> Entries supplied:
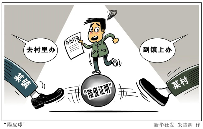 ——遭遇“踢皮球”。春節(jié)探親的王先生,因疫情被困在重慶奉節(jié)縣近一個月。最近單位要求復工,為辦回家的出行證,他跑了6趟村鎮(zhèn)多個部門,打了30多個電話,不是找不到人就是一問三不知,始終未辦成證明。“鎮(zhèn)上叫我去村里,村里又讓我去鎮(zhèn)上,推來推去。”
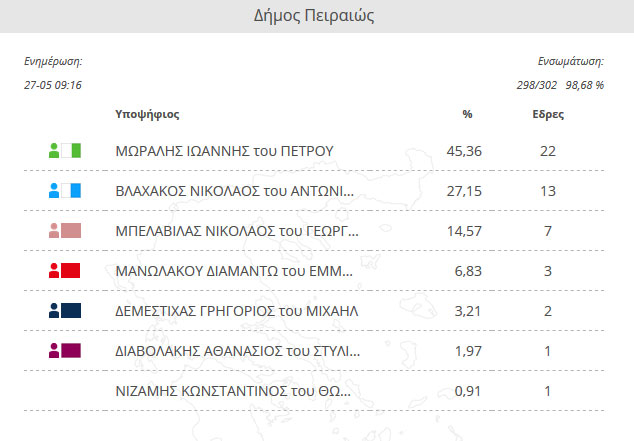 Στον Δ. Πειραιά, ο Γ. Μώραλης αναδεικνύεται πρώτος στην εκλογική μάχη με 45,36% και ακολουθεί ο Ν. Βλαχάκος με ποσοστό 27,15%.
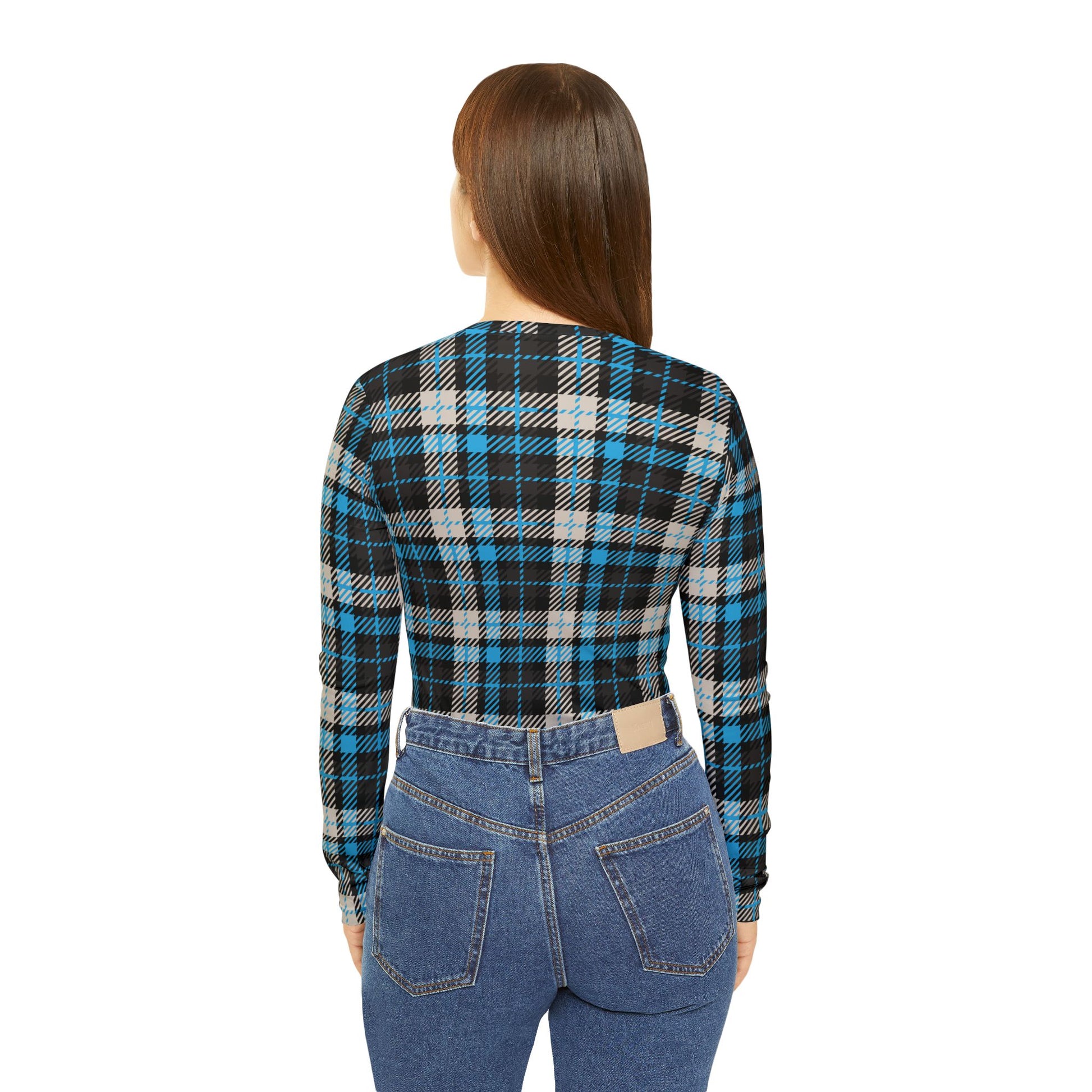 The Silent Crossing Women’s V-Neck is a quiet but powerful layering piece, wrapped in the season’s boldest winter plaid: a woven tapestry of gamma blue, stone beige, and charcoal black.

==

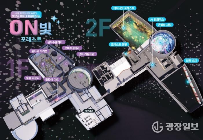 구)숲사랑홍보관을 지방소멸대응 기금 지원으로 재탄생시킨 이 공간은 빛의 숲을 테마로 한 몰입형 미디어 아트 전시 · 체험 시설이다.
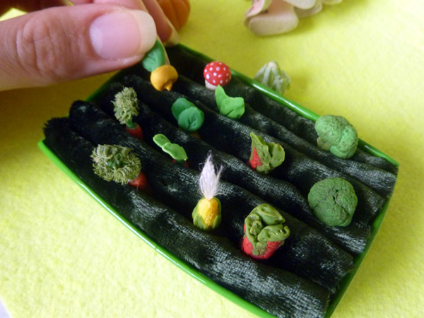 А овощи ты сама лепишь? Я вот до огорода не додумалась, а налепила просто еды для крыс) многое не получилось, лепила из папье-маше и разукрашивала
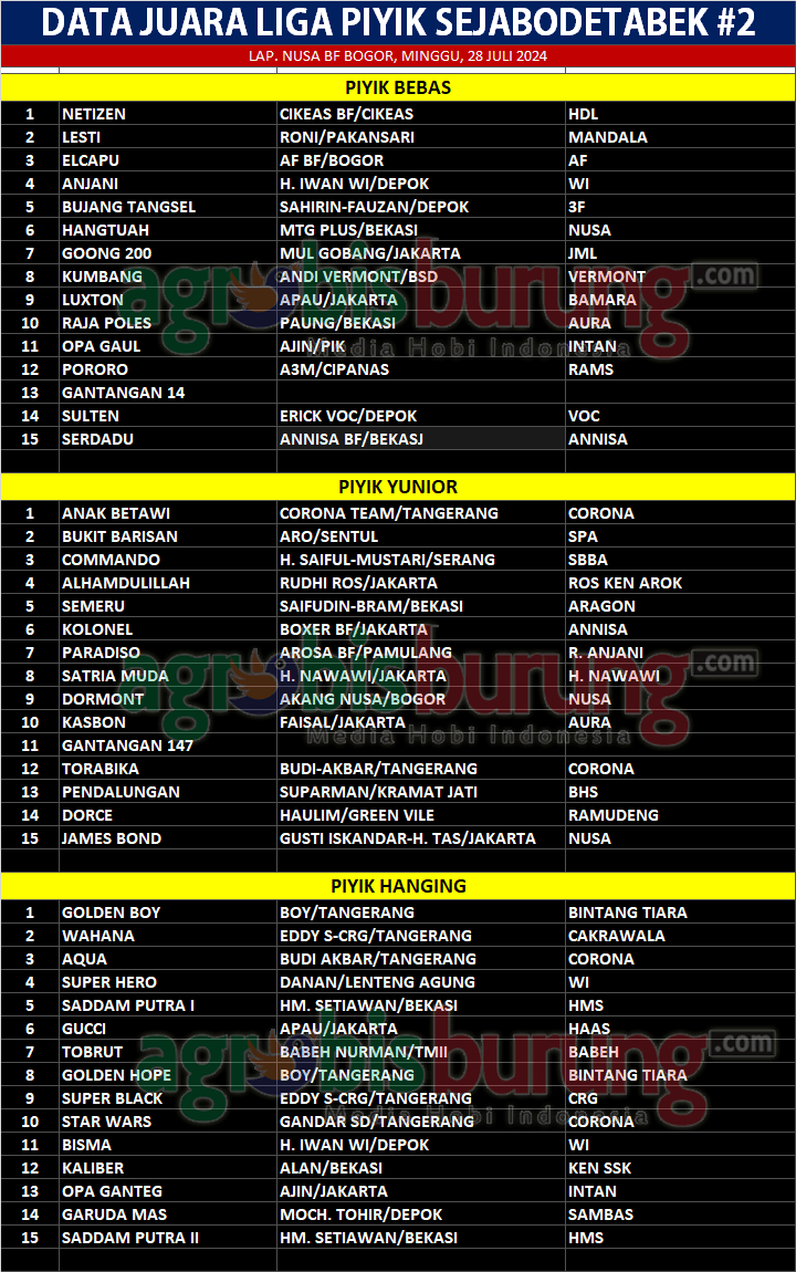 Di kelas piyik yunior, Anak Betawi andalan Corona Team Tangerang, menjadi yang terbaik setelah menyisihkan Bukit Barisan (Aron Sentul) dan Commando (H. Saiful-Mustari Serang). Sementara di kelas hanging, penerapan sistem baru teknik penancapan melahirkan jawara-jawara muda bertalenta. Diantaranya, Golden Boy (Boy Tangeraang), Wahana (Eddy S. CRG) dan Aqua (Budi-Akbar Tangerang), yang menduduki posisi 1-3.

--

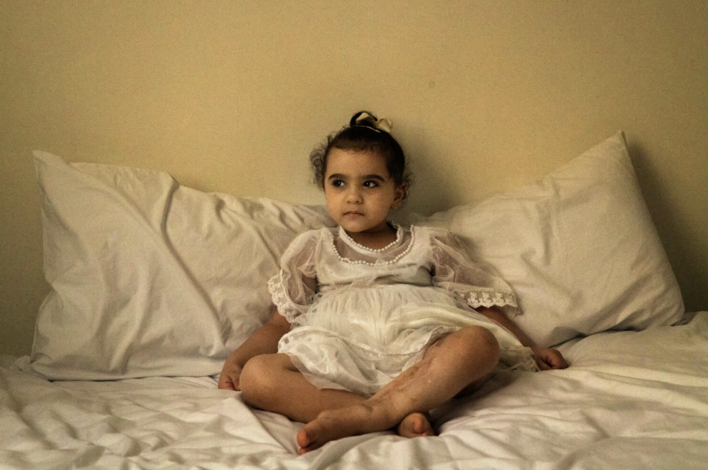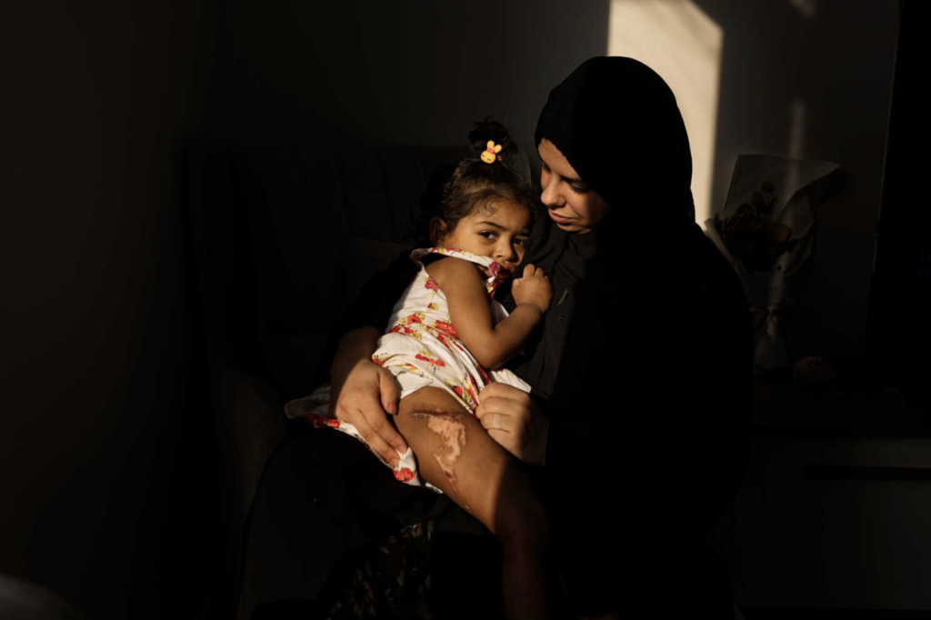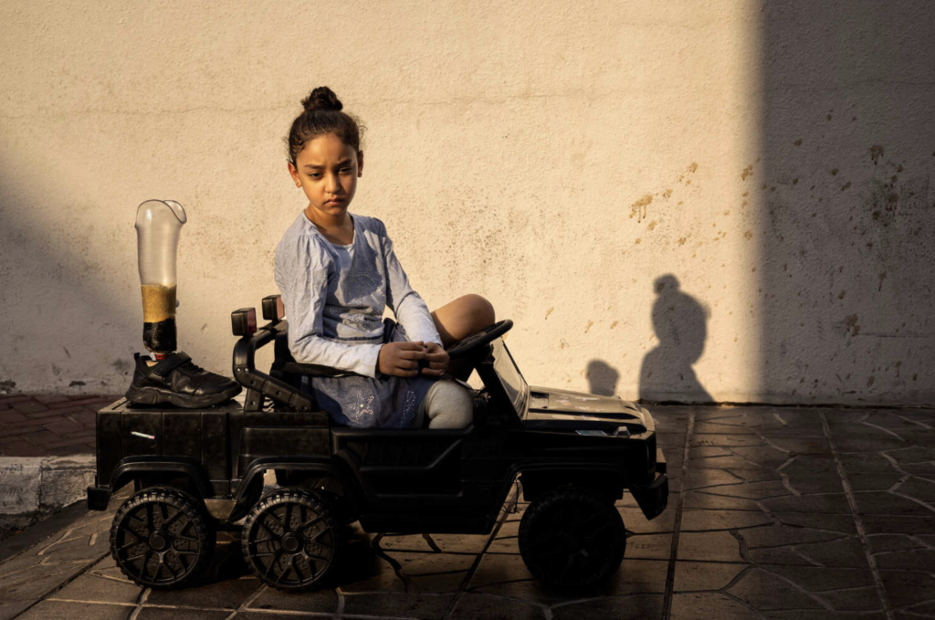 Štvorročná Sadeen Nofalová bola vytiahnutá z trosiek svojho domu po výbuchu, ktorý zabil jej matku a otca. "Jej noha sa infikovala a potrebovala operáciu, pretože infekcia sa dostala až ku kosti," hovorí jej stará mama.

> Work task: Leave out every picture, and copy exactly the lines above starting at the one holding "А овощи ты сама" and ending at the one holding "Di kelas piyik", no more and no less.

> Your solution:
 А овощи ты сама лепишь? Я вот до огорода не додумалась, а налепила просто еды для крыс) многое не получилось, лепила из папье-маше и разукрашивала
 Di kelas piyik yunior, Anak Betawi andalan Corona Team Tangerang, menjadi yang terbaik setelah menyisihkan Bukit Barisan (Aron Sentul) dan Commando (H. Saiful-Mustari Serang). Sementara di kelas hanging, penerapan sistem baru teknik penancapan melahirkan jawara-jawara muda bertalenta. Diantaranya, Golden Boy (Boy Tangeraang), Wahana (Eddy S. CRG) dan Aqua (Budi-Akbar Tangerang), yang menduduki posisi 1-3.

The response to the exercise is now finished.